In “The Impossibility of Language,” the opening section of this book, the poet examines the making
of poetry and the ironies involved in finding the correct words and their etymologies. She finds poetry in her mother’s post-it notes and humor in being asked for a poem rather than a wedding gift, in “Poem Not to Be Read at Your Wedding,” a wry epithalamium: “You ask me for a poem about love / in place of a wedding gift, trying to save me / money? Well, Carmen, I would rather / give you your third set of steak knives / than tell you what I know / Don’t make me warn you of stars, how they see us?”
Using rooms as a metaphor for the poet’s psyche, Fennelly writes, “I sing of four categories from which art is drawn: / ambition, love, religion and death.” She revisits death and the losses that haunt humans in “The Room of Echoes,” a series of elegies for her father.

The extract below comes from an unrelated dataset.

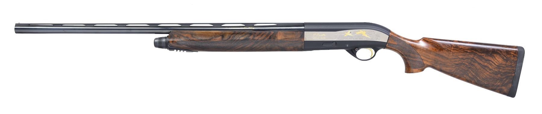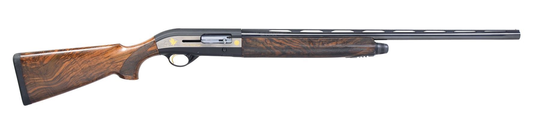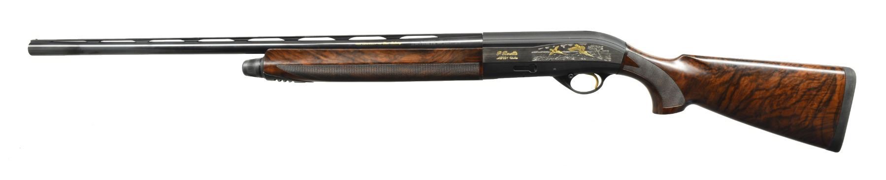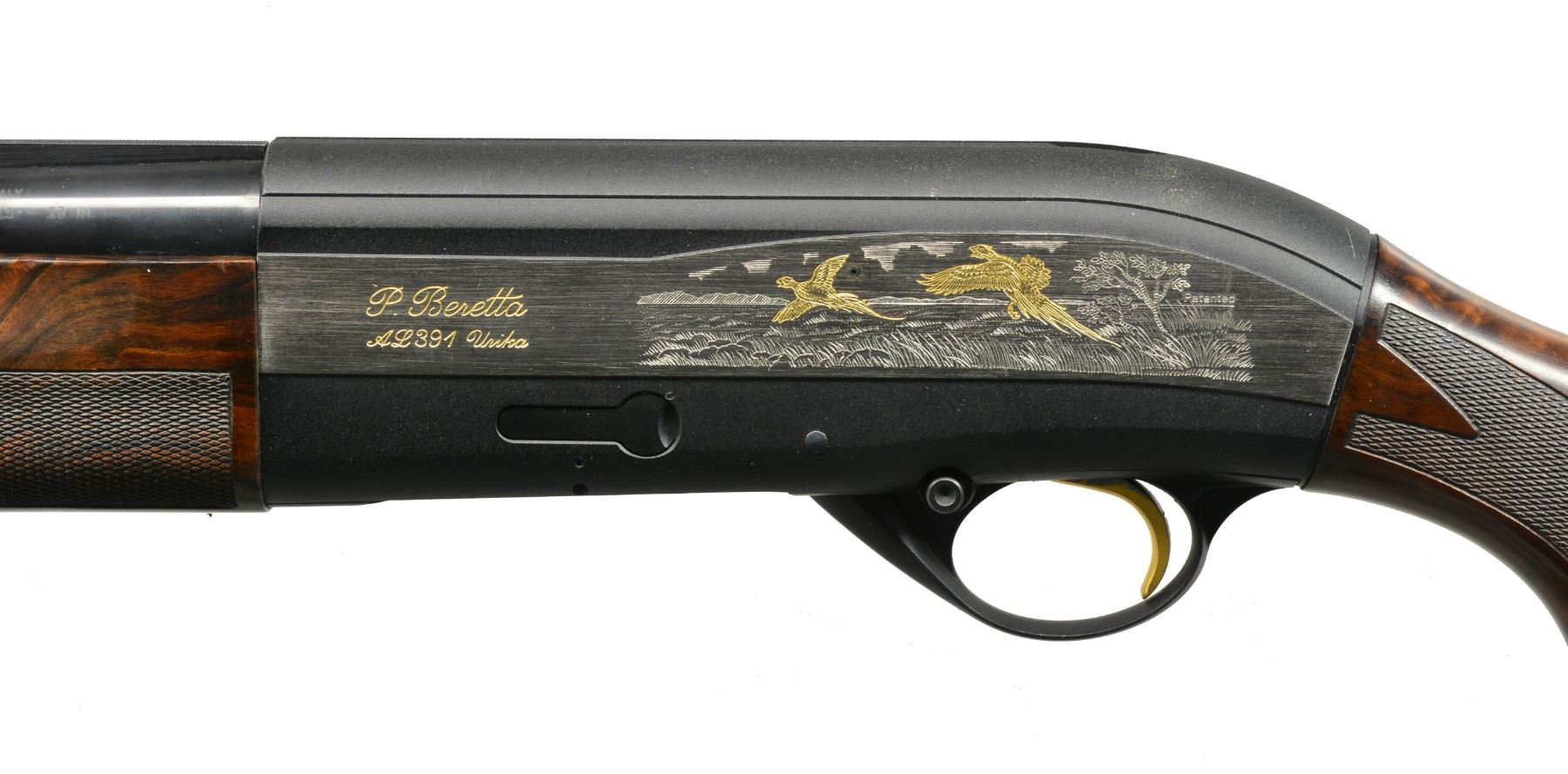 SHOTGUNS. 1) Cal. 12 Ga. S# AA120343. Bbl. 28" VR w/ steel front bead fitted for Mobile chokes; full set of 5 chokes included. Left side of bbl. has gold inscription "Made Especially for Ken Behring". Matte black anodized alloy receiver w/ natural finished side panels having gold markings w/ game scenes having gold plated woodcock on right side & 2 flying pheasants on left side. Jeweled bolt & carrier. Gold finished trigger. Forearm & uncapped pistol grip stock of checkered fancy walnut showing vivid marbling & dark streaking. LOP: 14 3/8" over solid black pad. UNATTACHED ACCESSORIES: blue molded case containing spare chokes, choke wrench, buttplate, stock shims, sling swivels, grip cap, Beretta oil, plug, owner's manual & warranty info. CONDITION: bbl. & action retain over 95% finish showing light scratches on left side of receiver. Wood has very good finish showing a few sm. marks. Clean bright bore. (20-1176/DS). 2) Cal. 12 Ga., 2 3/4" & 3". S# AA120344. Bbl. 28" VR w/ steel bead & fitted for Mobile chokes; Full, Imp. Mod., Mod., & Imp. Cyl. included. Matte black finished alloy receiver w/ natural finished side panels having gold markings & game scenes featuring gold plated woodcock on right & 2 gold flying pheasants on left side. Gold finish trigger. Jeweled bolt & carrier. Forearm & pistol grip stock of satin finished fancy walnut having extensive fiddle figure & marbling w/ striking dark streaks. LOP: 14 3/8" over original solid black pad. UNATTACHED ACCESSORIES: blued molded case containing chokes, choke wrench, buttplate, gun lock, Beretta oil, plug, owner's manual & warranty papers. CONDITION: over 98% metal finish. Stock finish shows spots of wear w/ scattered scratches & marks. Clean bright bore. (20-1177/DS). BOTH MODERN. $1,400-2,000.

Domesticity abounds in the book’s closing section, “The Room of Everywhere.” In her notes, Fennelly thoughtfully includes a recipe alluded to in the poem, “Why I Can’t Cook for Your Self-Centered Architect Cousin.”
Fennelly’s poems have been published in Poets of the New Century, The Penguin Book of the Sonnet, The Best American Poetry 1996, and The Pushcart Prize 2001 in addition to numerous literary journals and periodicals. This first collection, winner of the 2001 Kenyon Review Prize in Poetry, confirms the poet’s reputation as one of the best young voices in American poetry.